INFORMATION Block Start

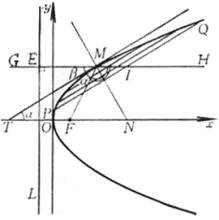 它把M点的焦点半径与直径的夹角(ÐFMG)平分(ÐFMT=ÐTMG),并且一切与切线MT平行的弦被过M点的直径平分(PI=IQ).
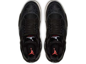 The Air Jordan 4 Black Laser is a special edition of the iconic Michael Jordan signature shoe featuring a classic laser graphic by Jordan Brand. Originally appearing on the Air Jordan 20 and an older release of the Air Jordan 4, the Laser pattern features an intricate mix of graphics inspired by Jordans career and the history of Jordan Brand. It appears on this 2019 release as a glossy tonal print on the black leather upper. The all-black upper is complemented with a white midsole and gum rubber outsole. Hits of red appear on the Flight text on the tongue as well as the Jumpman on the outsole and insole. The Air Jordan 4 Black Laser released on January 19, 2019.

INFORMATION Block End
INFORMATION Block Start

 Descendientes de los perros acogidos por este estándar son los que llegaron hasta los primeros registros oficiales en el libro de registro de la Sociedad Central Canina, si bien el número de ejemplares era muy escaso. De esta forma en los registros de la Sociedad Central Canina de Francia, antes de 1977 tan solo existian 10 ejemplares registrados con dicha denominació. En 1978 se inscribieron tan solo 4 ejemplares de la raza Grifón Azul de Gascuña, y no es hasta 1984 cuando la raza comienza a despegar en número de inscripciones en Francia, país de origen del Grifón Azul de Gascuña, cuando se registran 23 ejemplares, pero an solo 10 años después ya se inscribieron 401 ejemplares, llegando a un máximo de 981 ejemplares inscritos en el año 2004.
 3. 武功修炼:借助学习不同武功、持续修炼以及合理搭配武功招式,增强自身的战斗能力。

INFORMATION Block End

TASK TO COMPLETE
Pictures excluded, give again exactly and only the lines of the material above from the line with "它把M点的焦点半径与直径的夹" through the line with "The Air Jordan 4 Black Laser is".

SOLUTION FOR THIS TASK
 它把M点的焦点半径与直径的夹角(ÐFMG)平分(ÐFMT=ÐTMG),并且一切与切线MT平行的弦被过M点的直径平分(PI=IQ).
 The Air Jordan 4 Black Laser is a special edition of the iconic Michael Jordan signature shoe featuring a classic laser graphic by Jordan Brand. Originally appearing on the Air Jordan 20 and an older release of the Air Jordan 4, the Laser pattern features an intricate mix of graphics inspired by Jordans career and the history of Jordan Brand. It appears on this 2019 release as a glossy tonal print on the black leather upper. The all-black upper is complemented with a white midsole and gum rubber outsole. Hits of red appear on the Flight text on the tongue as well as the Jumpman on the outsole and insole. The Air Jordan 4 Black Laser released on January 19, 2019.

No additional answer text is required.